● What this task involves
In the records that follow, find the line containing "美容牙科 | 美容皮膚科******" and the line containing "最年少登頂した陽介君(23歳)とキャビアで乾杯! 1988年9月12日レーニン峰(7134m)登頂後の祝賀会にて |", then transcribe both and every line between them exactly, omitting pictures.

● Data for processing
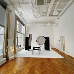 Зал можно объединить с залом BANG и получить одно пространство площадью 180 квадратных метров для более масштабных съемок. Для бронирования обоих залов свяжитесь с администратором.
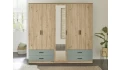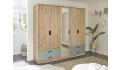 Šatní skříň se zrcadlem Savina 225 cm, dub artisan/šalvějová
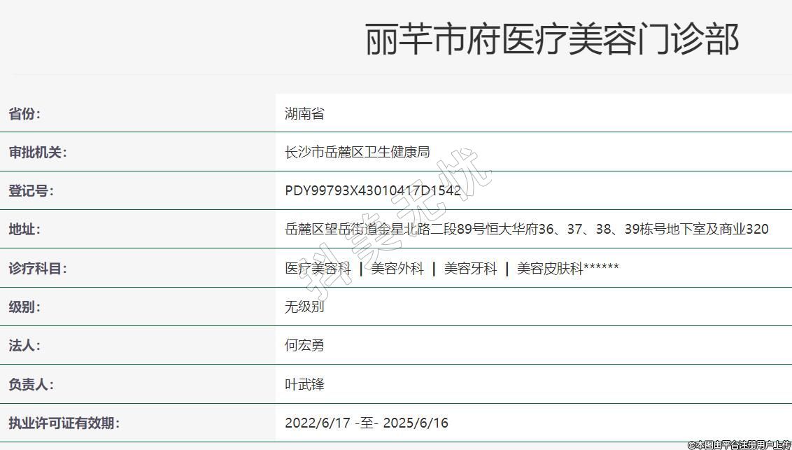 長沙麗芊市府醫(yī)療美容2022年01月04日成立,地址:岳麓區(qū)望岳街道金星北路二段89號恒大華府36、37、38、39棟號地下室及商業(yè)320,診療科目:醫(yī)療美容科 | 美容外科 | 美容牙科 | 美容皮膚科******
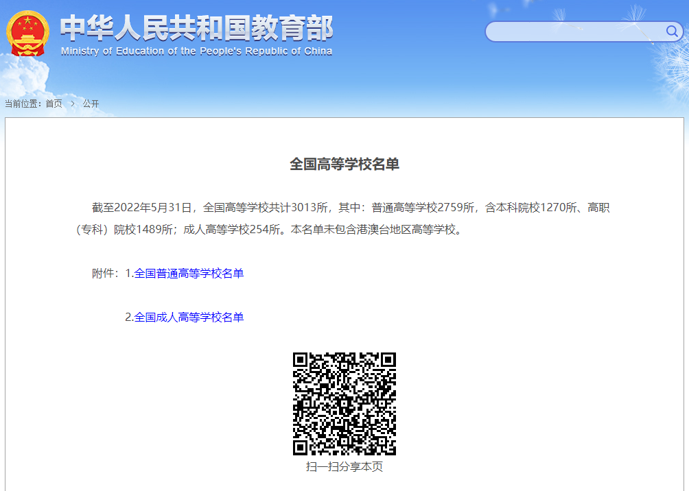 教育部已发布2022年具有高考招生资格的3013所全国高等学校名单,广大考生和家长在填报高考志愿时,可以通过登录教育部官网进行查询核实,认清正规高校,以防上当受骗。
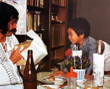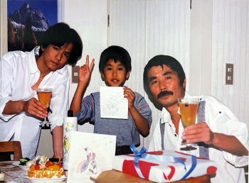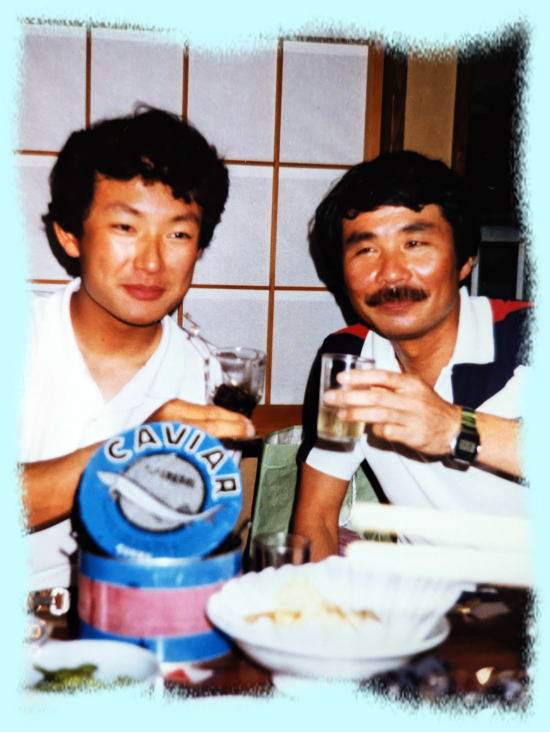 ![]() 最年少登頂した陽介君(23歳)とキャビアで乾杯! 1988年9月12日レーニン峰(7134m)登頂後の祝賀会にて |
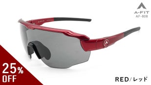 A‐FIT ADJUSTサングラス 「AF‐808レッド」一般販売予定価格20,300円(税・送料込)のところ、先着25個限定で約20%Offの特別価格16,000円にてお届けします。レンズは偏光スモークレンズとレッドリボミラーレンズの2枚がセットになっています。
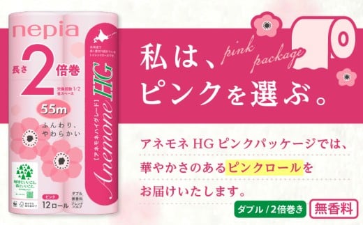 トイレットロール アネモネHG 12ロール ダブル 2倍巻(55m巻・無香料・ピンクパッケージ・ピンクロール)
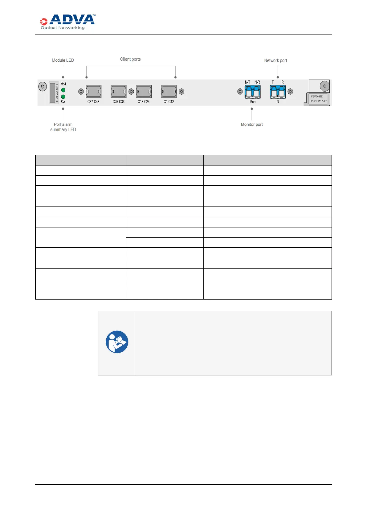 Four MPObi-directional client ports — Input and output for 48 C-band channels
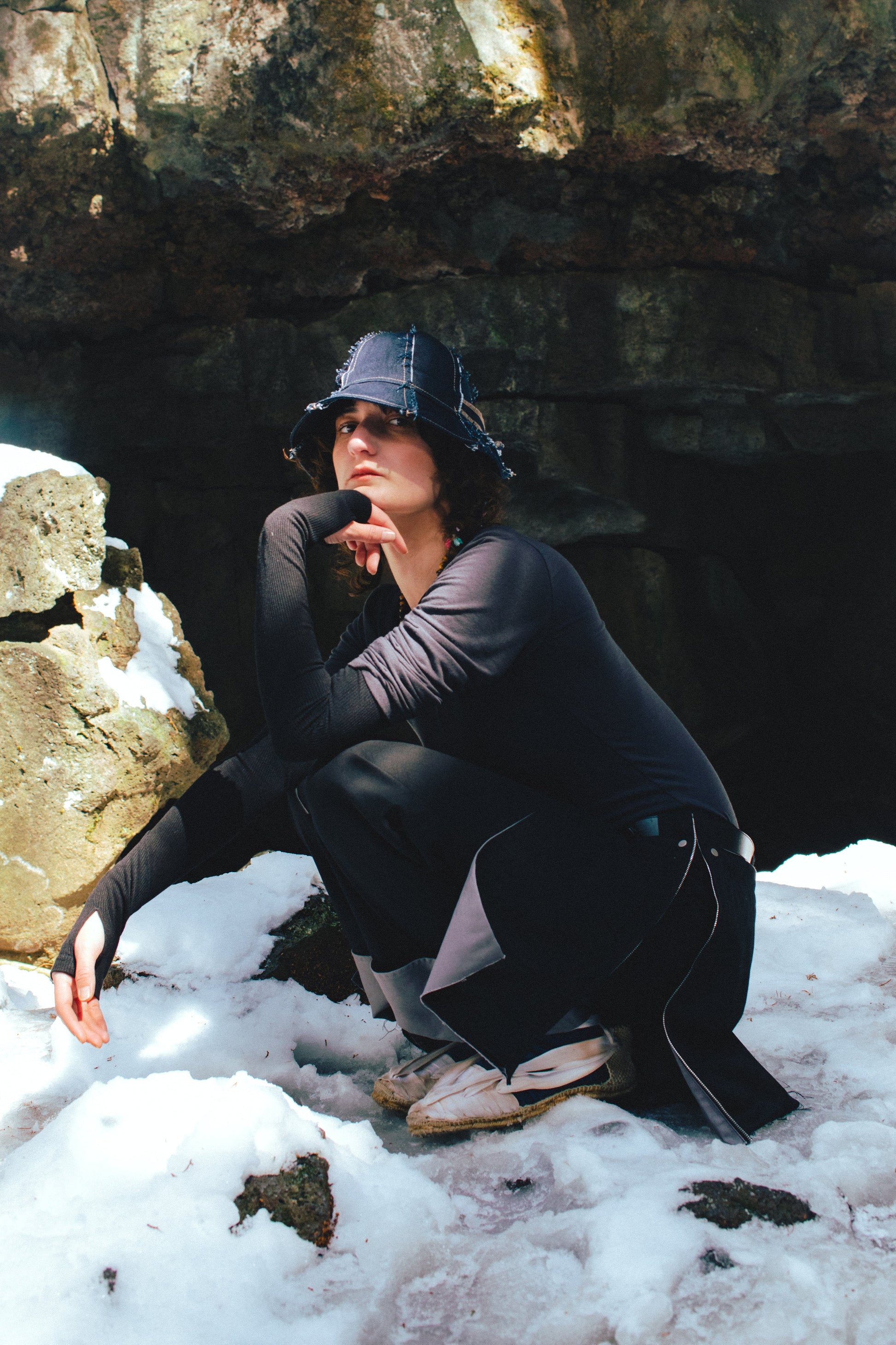鳩の帰巣本能に着目し制作した、ストレッチの効いたレイヤードトップス。
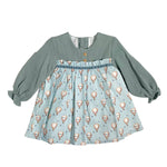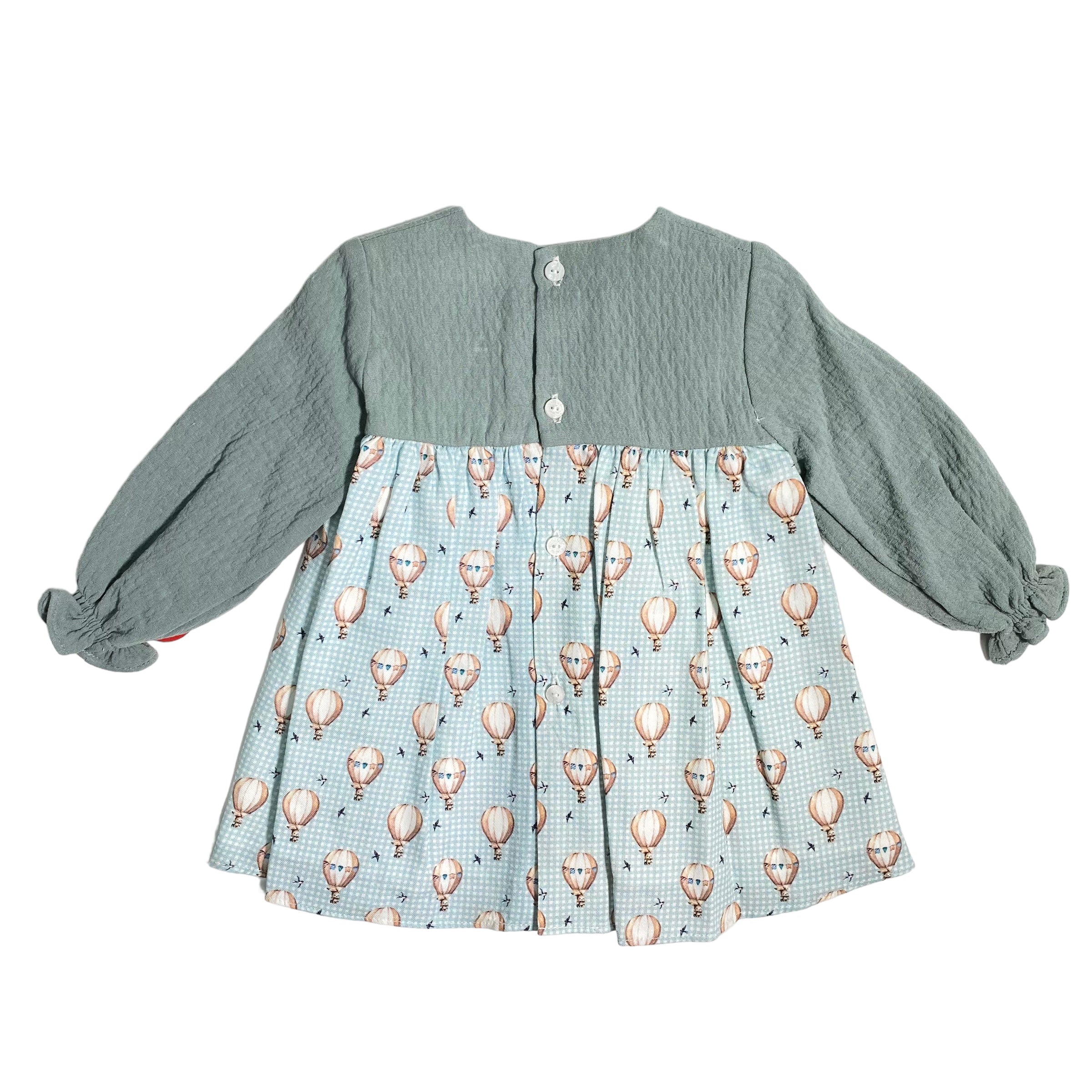 Langärmliges, ausgestelltes Kleid aus warmer Baumwolle mit Heißluftballonmuster.
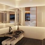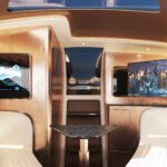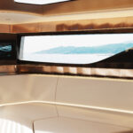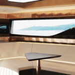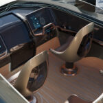 At the helm, the boat features ‘The Wingman,’ a fully integrated management system providing full control over the vessel, and egg-shaped helm seats for ergonomic support and comfort. The spaceship-like style of the Vatoz continues below deck to the main cabin where a skylight and large side windows provide natural light. For dining and entertaining the boat features a U-shaped seating area with a table, and a single head.
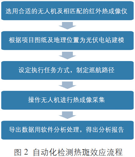 针对传统热斑效应检测方法的诸多不便,本文提出一种自动化检测热斑效应的方案。自动化检测热斑效应的系统主要由无人机、机载红外热像仪及相应的控制系统组成。具体的检测流程图如图2 所示。
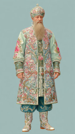 A full-length portrait of a Tsar in traditional attire, showcasing intricate embroidery and regal presence.
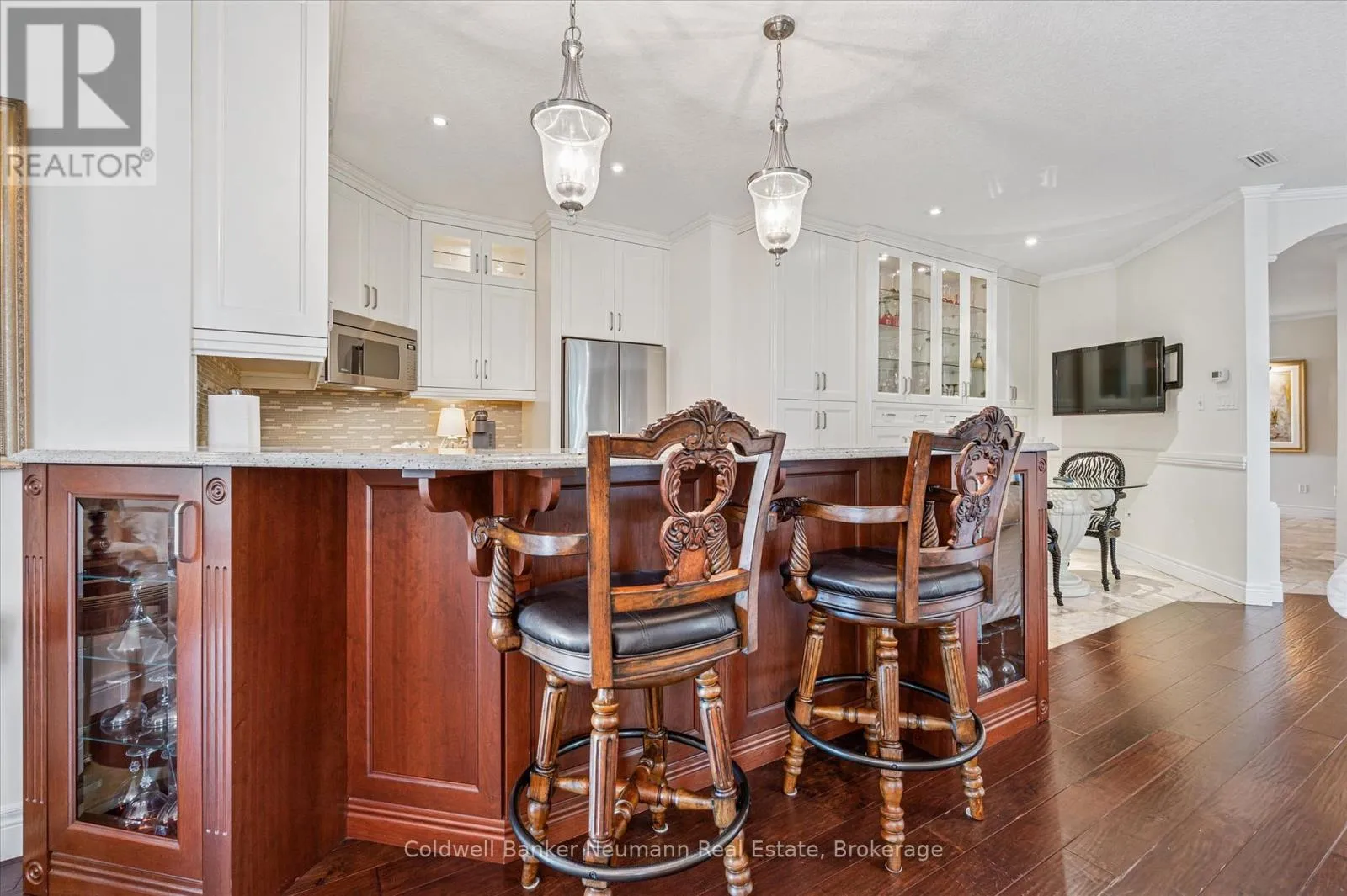 Cross Streets: Victoria Rd South. ** Directions: Victoria and Summerfield. Welcome to 20-255 Summerfield Drive. An executive townhome in the heart of South Guelph, this residence offers a rare blend of luxury, convenience, and thoughtful design. Coming to market for the first time since it was custom-built by Thomasfield Homes, this home is one-of-a-kind, complete with its own private elevator. From the moment you step inside, a spacious foyer sets the tone for what's to come, inviting you up the elevator or staircase into 2,745 sq. ft. of refined living space. The open-concept main level features a chef's kitchen and bright living area finished with rich hardwood and tile. The living room's fireplace creates a warm focal point, while patio doors lead to a covered deck shared with the primary suite. The primary retreat is a true highlight with its large walk-in closet and spa-inspired 5-piece ensuite. A formal dining room with a wet bar makes entertaining effortless, while a second bedroom, full bathroom, den/office, laundry, and plenty of storage round out the main level. Take the elevator down to the fully finished lower level, where guests can enjoy their own private retreat. This space includes a third bedroom, full bathroom, rec room, cold cellar, and direct garage access ideal for visitors or extended family. With property management handling all exterior maintenance, you're free to enjoy everything this highly sought-after community has to offer. This is more than a home, it's a lifestyle of comfort, accessibility, and ease. (id:27476)
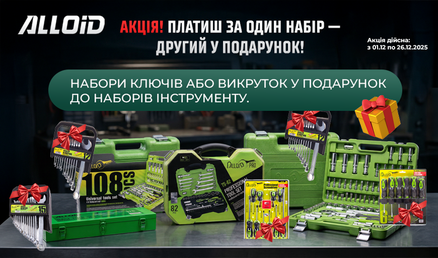 АкціяНабір ключів або викруток у подарунок до наборів інструментуДіє з: 01.12.2025 по: 26.12.2025.12Дн. Залишилося. -
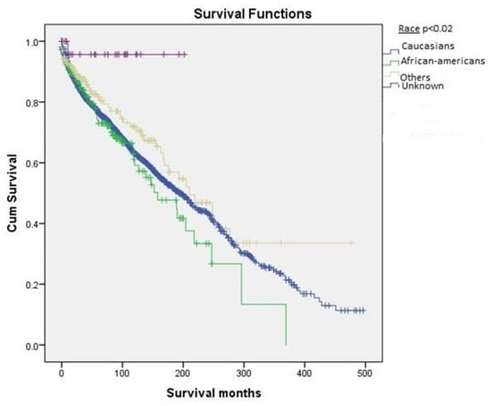 Table 1 shows the demographic distribution and survival based on the reported variables. Females outnumbered males in both number (58.6% vs. 41.4%) and overall survival (239.0 ± 7.5 vs. 180.7 ± 8.4 months) (Figure 2). In terms of racial distribution, Caucasians represented the largest cohort (n = 2172, 85.7%) followed by African-Americans (n = 177, 7.0%), and other minority races (Native Americans, Asian/Pacific islanders, n = 156, 6.2%). The survival based on racial distribution was highest in Asians/Native Americans, followed by Caucasians (Figure 3). When the patients were divided into different age groups, younger patients had better survival than older patients.

● Solution to this problem
 長沙麗芊市府醫(yī)療美容2022年01月04日成立,地址:岳麓區(qū)望岳街道金星北路二段89號恒大華府36、37、38、39棟號地下室及商業(yè)320,診療科目:醫(yī)療美容科 | 美容外科 | 美容牙科 | 美容皮膚科******
 教育部已发布2022年具有高考招生资格的3013所全国高等学校名单,广大考生和家长在填报高考志愿时,可以通过登录教育部官网进行查询核实,认清正规高校,以防上当受骗。
 ![]() 最年少登頂した陽介君(23歳)とキャビアで乾杯! 1988年9月12日レーニン峰(7134m)登頂後の祝賀会にて |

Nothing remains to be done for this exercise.